# ABOUT THIS TASK
The response should be the lines of the data, starting at the first and ending at the one that contains "extreme close-up of", copied without change.

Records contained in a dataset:
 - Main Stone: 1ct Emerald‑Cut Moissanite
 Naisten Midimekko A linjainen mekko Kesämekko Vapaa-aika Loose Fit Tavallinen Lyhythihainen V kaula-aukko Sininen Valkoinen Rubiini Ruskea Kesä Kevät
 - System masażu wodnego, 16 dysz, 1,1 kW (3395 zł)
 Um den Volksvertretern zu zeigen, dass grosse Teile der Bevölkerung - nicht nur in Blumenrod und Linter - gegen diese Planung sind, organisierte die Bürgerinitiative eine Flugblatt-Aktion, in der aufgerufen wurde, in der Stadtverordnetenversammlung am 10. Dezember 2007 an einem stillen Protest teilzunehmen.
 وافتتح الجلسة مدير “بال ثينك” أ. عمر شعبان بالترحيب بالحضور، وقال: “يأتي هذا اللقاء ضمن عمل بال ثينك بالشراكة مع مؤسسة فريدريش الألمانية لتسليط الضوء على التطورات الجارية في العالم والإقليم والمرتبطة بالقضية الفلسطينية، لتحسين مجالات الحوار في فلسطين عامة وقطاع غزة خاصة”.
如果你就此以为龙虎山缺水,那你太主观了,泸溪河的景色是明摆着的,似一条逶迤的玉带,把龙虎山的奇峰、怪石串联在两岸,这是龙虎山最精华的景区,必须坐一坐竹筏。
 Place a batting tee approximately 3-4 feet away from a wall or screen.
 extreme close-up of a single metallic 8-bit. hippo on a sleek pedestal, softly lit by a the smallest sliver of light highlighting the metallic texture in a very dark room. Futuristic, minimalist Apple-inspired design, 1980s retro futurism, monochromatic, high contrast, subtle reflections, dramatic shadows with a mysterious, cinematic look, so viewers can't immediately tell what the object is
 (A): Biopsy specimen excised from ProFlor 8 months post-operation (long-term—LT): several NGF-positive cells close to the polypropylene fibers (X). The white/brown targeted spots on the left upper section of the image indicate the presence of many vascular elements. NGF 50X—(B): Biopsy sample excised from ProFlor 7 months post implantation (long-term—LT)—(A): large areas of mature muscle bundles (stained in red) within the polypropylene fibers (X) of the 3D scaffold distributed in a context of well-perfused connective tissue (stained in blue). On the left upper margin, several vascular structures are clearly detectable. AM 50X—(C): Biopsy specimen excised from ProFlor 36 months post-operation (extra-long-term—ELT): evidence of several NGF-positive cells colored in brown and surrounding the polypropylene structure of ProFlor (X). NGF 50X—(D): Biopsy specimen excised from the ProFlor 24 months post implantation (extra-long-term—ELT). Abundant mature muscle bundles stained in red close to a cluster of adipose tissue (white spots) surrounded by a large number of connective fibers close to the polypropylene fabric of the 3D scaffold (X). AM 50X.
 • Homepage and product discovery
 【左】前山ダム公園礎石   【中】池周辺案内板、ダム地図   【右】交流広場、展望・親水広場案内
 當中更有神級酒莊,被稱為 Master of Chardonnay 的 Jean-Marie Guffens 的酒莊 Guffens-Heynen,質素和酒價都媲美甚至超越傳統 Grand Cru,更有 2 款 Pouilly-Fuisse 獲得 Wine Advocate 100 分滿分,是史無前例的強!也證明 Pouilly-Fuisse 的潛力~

# ANSWER SPACE
 - Main Stone: 1ct Emerald‑Cut Moissanite
 Naisten Midimekko A linjainen mekko Kesämekko Vapaa-aika Loose Fit Tavallinen Lyhythihainen V kaula-aukko Sininen Valkoinen Rubiini Ruskea Kesä Kevät
 - System masażu wodnego, 16 dysz, 1,1 kW (3395 zł)
 Um den Volksvertretern zu zeigen, dass grosse Teile der Bevölkerung - nicht nur in Blumenrod und Linter - gegen diese Planung sind, organisierte die Bürgerinitiative eine Flugblatt-Aktion, in der aufgerufen wurde, in der Stadtverordnetenversammlung am 10. Dezember 2007 an einem stillen Protest teilzunehmen.
 وافتتح الجلسة مدير “بال ثينك” أ. عمر شعبان بالترحيب بالحضور، وقال: “يأتي هذا اللقاء ضمن عمل بال ثينك بالشراكة مع مؤسسة فريدريش الألمانية لتسليط الضوء على التطورات الجارية في العالم والإقليم والمرتبطة بالقضية الفلسطينية، لتحسين مجالات الحوار في فلسطين عامة وقطاع غزة خاصة”.
如果你就此以为龙虎山缺水,那你太主观了,泸溪河的景色是明摆着的,似一条逶迤的玉带,把龙虎山的奇峰、怪石串联在两岸,这是龙虎山最精华的景区,必须坐一坐竹筏。
 Place a batting tee approximately 3-4 feet away from a wall or screen.
 extreme close-up of a single metallic 8-bit. hippo on a sleek pedestal, softly lit by a the smallest sliver of light highlighting the metallic texture in a very dark room. Futuristic, minimalist Apple-inspired design, 1980s retro futurism, monochromatic, high contrast, subtle reflections, dramatic shadows with a mysterious, cinematic look, so viewers can't immediately tell what the object is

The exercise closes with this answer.